**SOURCE DATA**
[Start of Attachment]

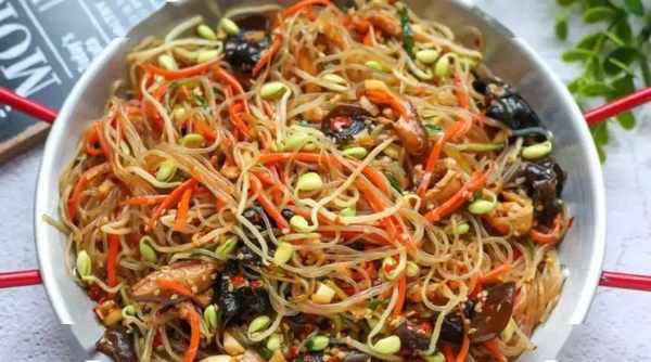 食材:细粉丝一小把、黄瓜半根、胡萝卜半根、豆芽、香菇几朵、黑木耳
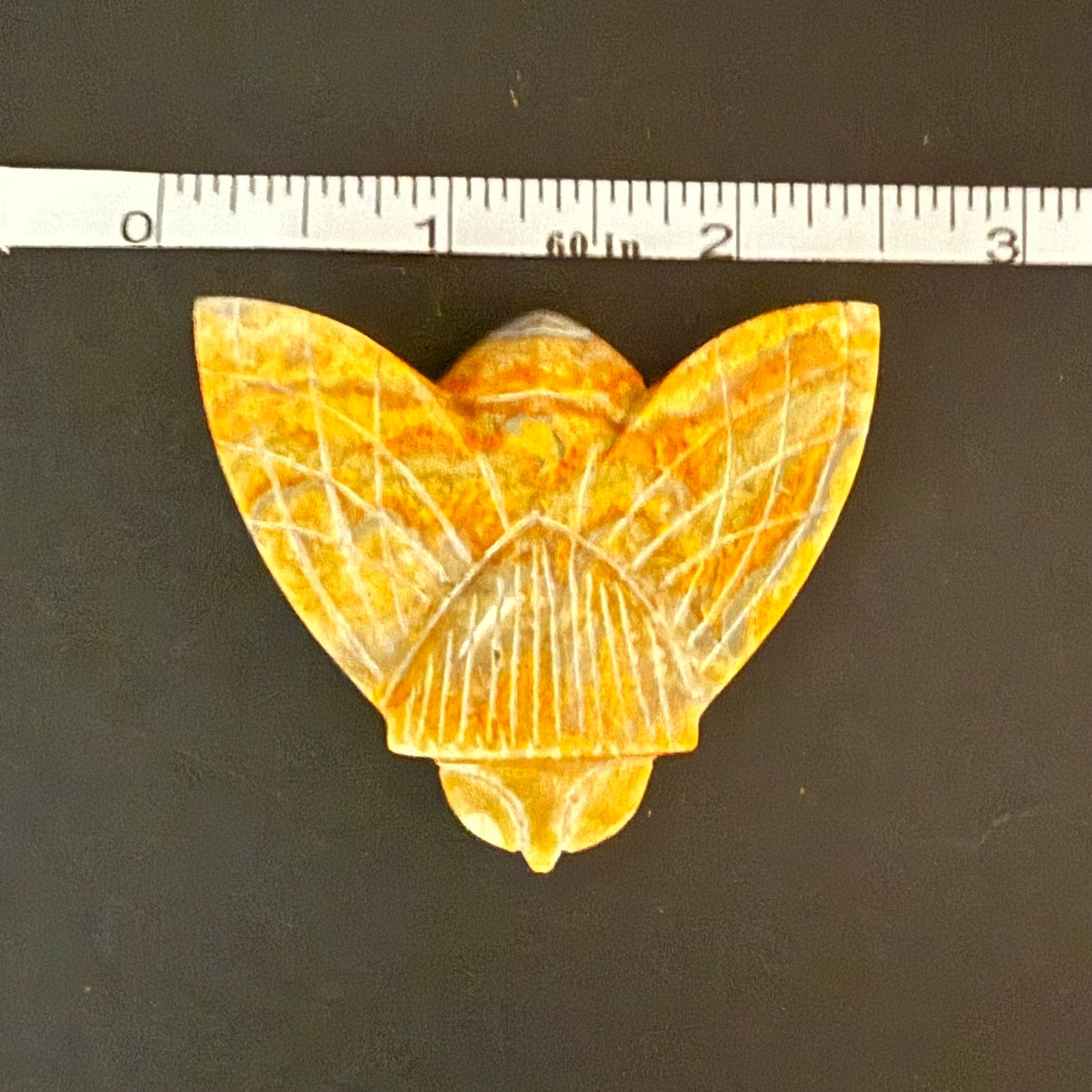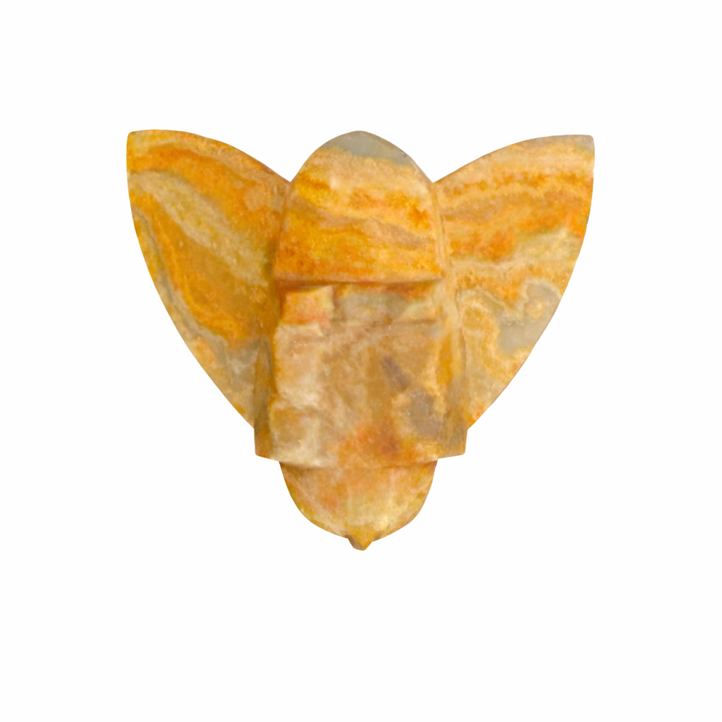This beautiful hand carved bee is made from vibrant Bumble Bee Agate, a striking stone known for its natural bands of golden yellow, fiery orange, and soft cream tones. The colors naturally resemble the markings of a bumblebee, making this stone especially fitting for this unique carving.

[End of Attachment]
[Start of Attachment]

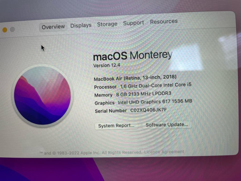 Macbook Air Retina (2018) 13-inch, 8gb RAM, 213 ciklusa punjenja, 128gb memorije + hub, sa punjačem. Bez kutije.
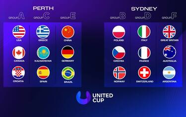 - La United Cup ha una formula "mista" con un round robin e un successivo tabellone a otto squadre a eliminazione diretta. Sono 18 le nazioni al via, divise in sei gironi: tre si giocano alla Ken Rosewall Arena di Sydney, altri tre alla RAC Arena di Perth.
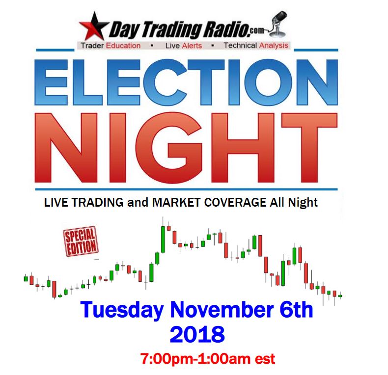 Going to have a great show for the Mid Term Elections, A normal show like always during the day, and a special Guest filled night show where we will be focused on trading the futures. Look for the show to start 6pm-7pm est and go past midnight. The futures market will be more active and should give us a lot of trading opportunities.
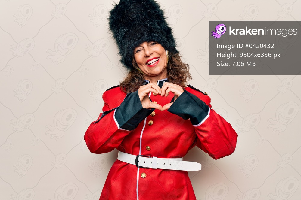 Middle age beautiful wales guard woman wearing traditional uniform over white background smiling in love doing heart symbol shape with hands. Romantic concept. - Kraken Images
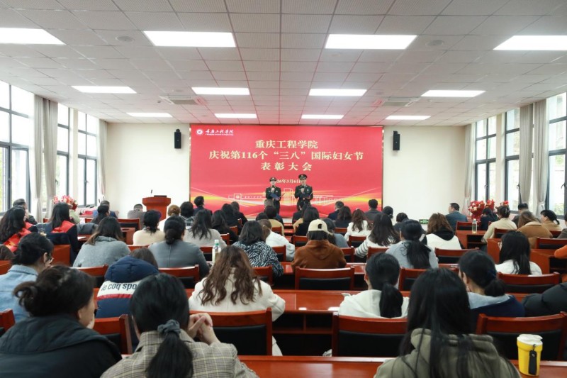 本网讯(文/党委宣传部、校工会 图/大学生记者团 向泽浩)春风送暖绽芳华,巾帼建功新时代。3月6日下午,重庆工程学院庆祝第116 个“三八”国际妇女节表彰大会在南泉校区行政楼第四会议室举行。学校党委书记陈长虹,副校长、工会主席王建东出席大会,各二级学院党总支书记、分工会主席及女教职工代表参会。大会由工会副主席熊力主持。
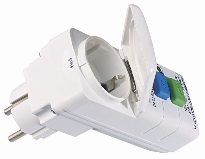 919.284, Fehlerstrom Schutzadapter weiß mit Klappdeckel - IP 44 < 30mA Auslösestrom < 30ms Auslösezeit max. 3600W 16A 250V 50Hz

[End of Attachment]
[Start of Attachment]

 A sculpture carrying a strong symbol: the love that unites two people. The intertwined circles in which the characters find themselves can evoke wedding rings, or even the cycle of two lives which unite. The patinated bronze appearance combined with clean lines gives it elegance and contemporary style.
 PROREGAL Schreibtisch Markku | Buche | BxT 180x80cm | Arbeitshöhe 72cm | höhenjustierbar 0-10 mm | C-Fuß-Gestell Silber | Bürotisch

[End of Attachment]

**WORK REQUEST**
Using the records above, return word for word the lines that begin at the one containing "食材:细粉丝一小把、黄瓜半根、胡萝卜半根、豆芽、香菇几朵、黑木耳" and end at the one containing "This beautiful hand", both of them included and no pictures.

**WORKED SOLUTION**
 食材:细粉丝一小把、黄瓜半根、胡萝卜半根、豆芽、香菇几朵、黑木耳
This beautiful hand carved bee is made from vibrant Bumble Bee Agate, a striking stone known for its natural bands of golden yellow, fiery orange, and soft cream tones. The colors naturally resemble the markings of a bumblebee, making this stone especially fitting for this unique carving.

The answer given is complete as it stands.